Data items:
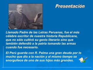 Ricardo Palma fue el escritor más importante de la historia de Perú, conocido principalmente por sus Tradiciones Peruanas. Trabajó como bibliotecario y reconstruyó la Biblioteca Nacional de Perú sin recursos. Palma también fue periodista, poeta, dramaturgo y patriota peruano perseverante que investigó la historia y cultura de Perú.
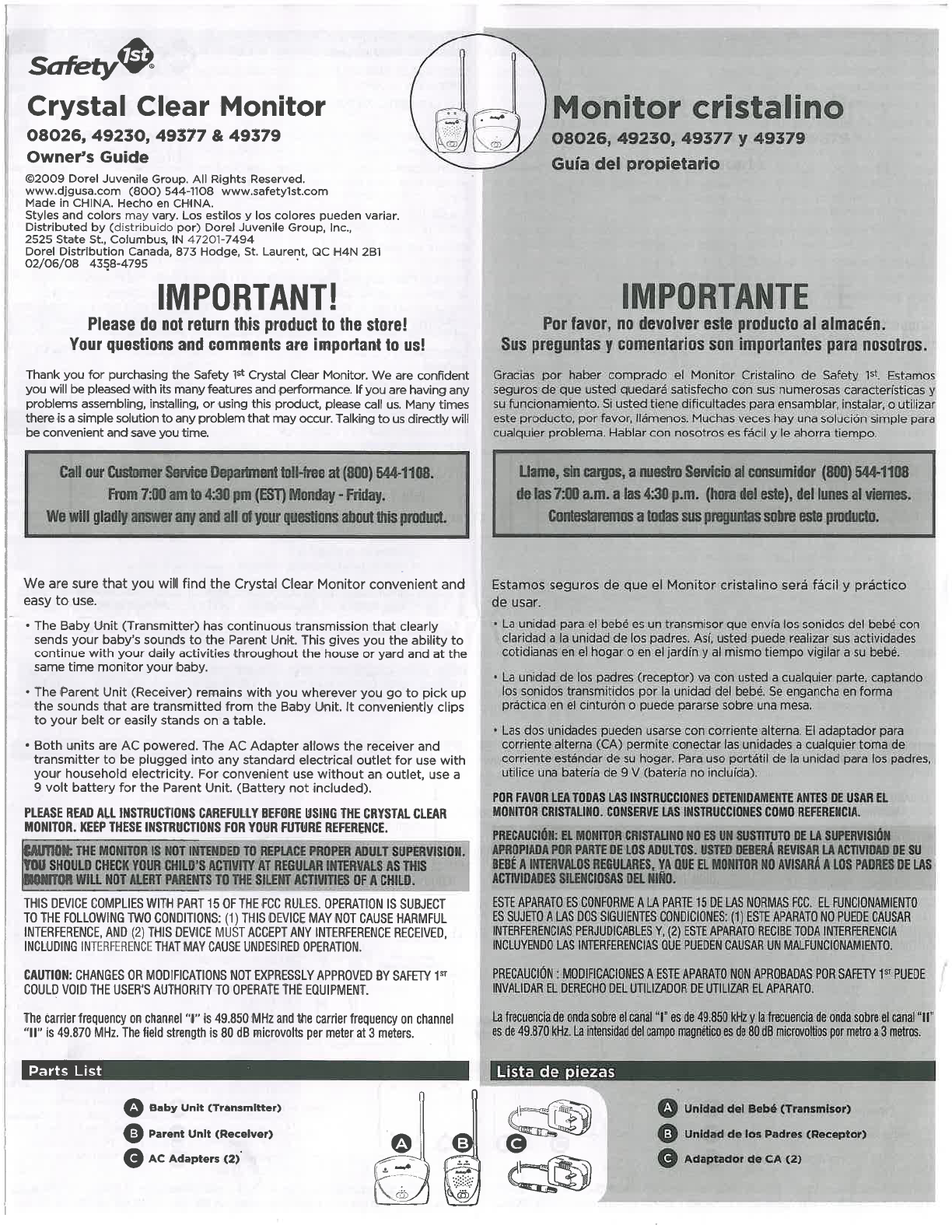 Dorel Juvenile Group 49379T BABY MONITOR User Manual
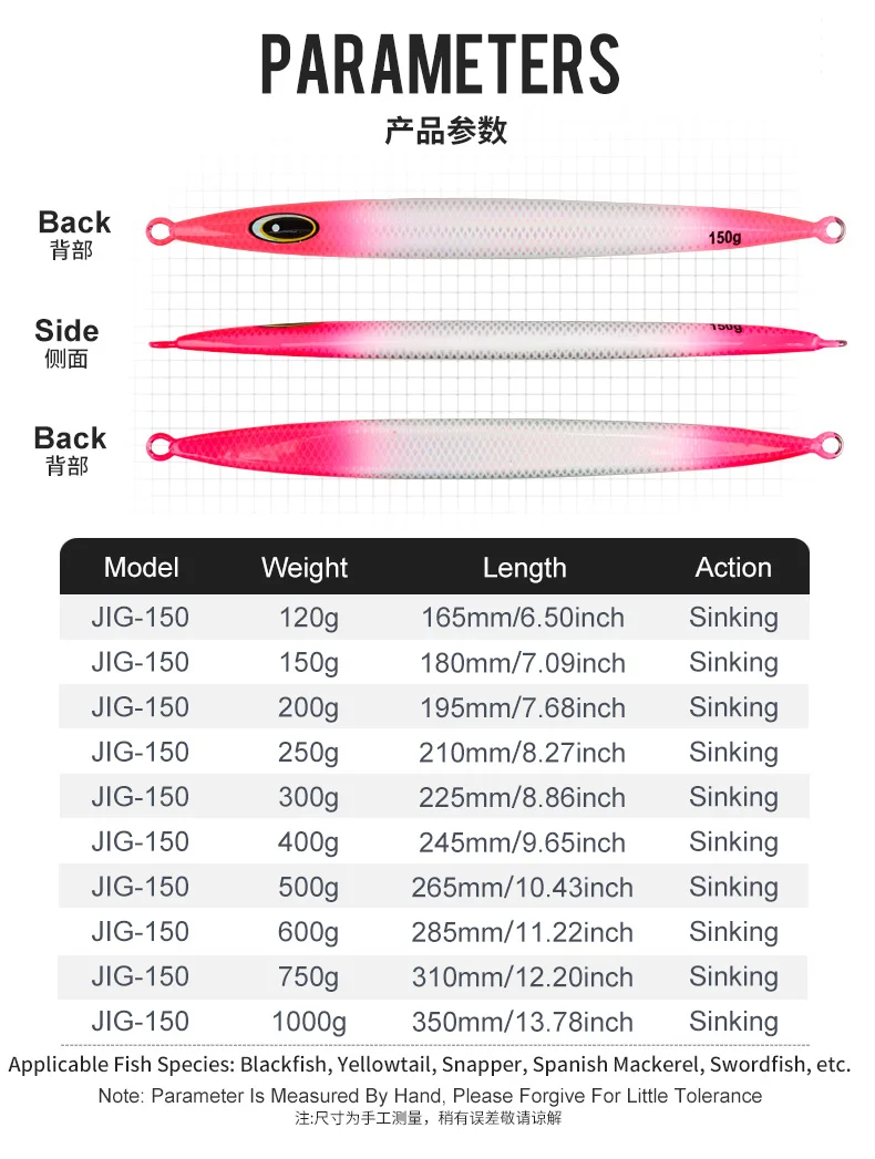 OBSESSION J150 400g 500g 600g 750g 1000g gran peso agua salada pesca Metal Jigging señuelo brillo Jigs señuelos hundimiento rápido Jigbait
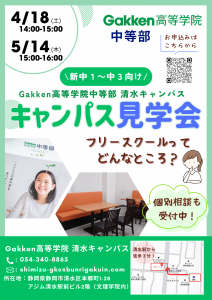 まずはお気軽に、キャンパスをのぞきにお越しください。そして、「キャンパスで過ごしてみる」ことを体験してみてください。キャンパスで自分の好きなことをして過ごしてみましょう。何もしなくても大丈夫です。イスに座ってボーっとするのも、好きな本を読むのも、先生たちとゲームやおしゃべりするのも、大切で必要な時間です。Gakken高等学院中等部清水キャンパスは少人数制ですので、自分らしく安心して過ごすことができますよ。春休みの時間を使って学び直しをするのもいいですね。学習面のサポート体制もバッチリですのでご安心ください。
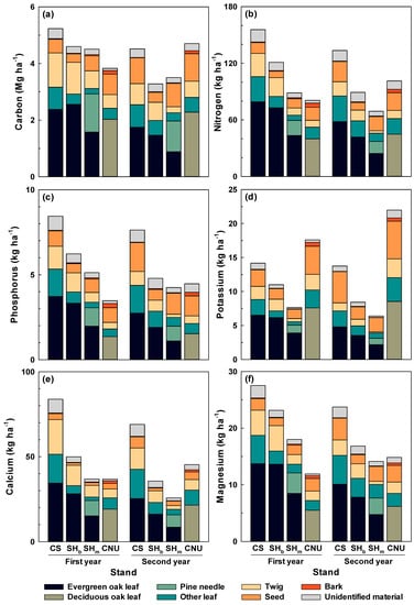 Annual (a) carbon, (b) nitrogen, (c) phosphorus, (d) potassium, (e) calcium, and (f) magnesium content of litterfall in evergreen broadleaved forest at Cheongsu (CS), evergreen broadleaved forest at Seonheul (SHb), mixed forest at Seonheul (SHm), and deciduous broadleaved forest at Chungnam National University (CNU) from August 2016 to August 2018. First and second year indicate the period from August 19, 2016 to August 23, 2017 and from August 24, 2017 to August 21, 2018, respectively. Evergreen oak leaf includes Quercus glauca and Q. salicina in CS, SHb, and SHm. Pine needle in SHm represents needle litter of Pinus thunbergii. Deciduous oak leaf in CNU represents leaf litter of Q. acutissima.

→ **REQUIRED WORK**: Apart from the pictures, return the records exactly.

→ **THE COMPLETED TASK**:
 Ricardo Palma fue el escritor más importante de la historia de Perú, conocido principalmente por sus Tradiciones Peruanas. Trabajó como bibliotecario y reconstruyó la Biblioteca Nacional de Perú sin recursos. Palma también fue periodista, poeta, dramaturgo y patriota peruano perseverante que investigó la historia y cultura de Perú.
 Dorel Juvenile Group 49379T BABY MONITOR User Manual
 OBSESSION J150 400g 500g 600g 750g 1000g gran peso agua salada pesca Metal Jigging señuelo brillo Jigs señuelos hundimiento rápido Jigbait
 まずはお気軽に、キャンパスをのぞきにお越しください。そして、「キャンパスで過ごしてみる」ことを体験してみてください。キャンパスで自分の好きなことをして過ごしてみましょう。何もしなくても大丈夫です。イスに座ってボーっとするのも、好きな本を読むのも、先生たちとゲームやおしゃべりするのも、大切で必要な時間です。Gakken高等学院中等部清水キャンパスは少人数制ですので、自分らしく安心して過ごすことができますよ。春休みの時間を使って学び直しをするのもいいですね。学習面のサポート体制もバッチリですのでご安心ください。
 Annual (a) carbon, (b) nitrogen, (c) phosphorus, (d) potassium, (e) calcium, and (f) magnesium content of litterfall in evergreen broadleaved forest at Cheongsu (CS), evergreen broadleaved forest at Seonheul (SHb), mixed forest at Seonheul (SHm), and deciduous broadleaved forest at Chungnam National University (CNU) from August 2016 to August 2018. First and second year indicate the period from August 19, 2016 to August 23, 2017 and from August 24, 2017 to August 21, 2018, respectively. Evergreen oak leaf includes Quercus glauca and Q. salicina in CS, SHb, and SHm. Pine needle in SHm represents needle litter of Pinus thunbergii. Deciduous oak leaf in CNU represents leaf litter of Q. acutissima.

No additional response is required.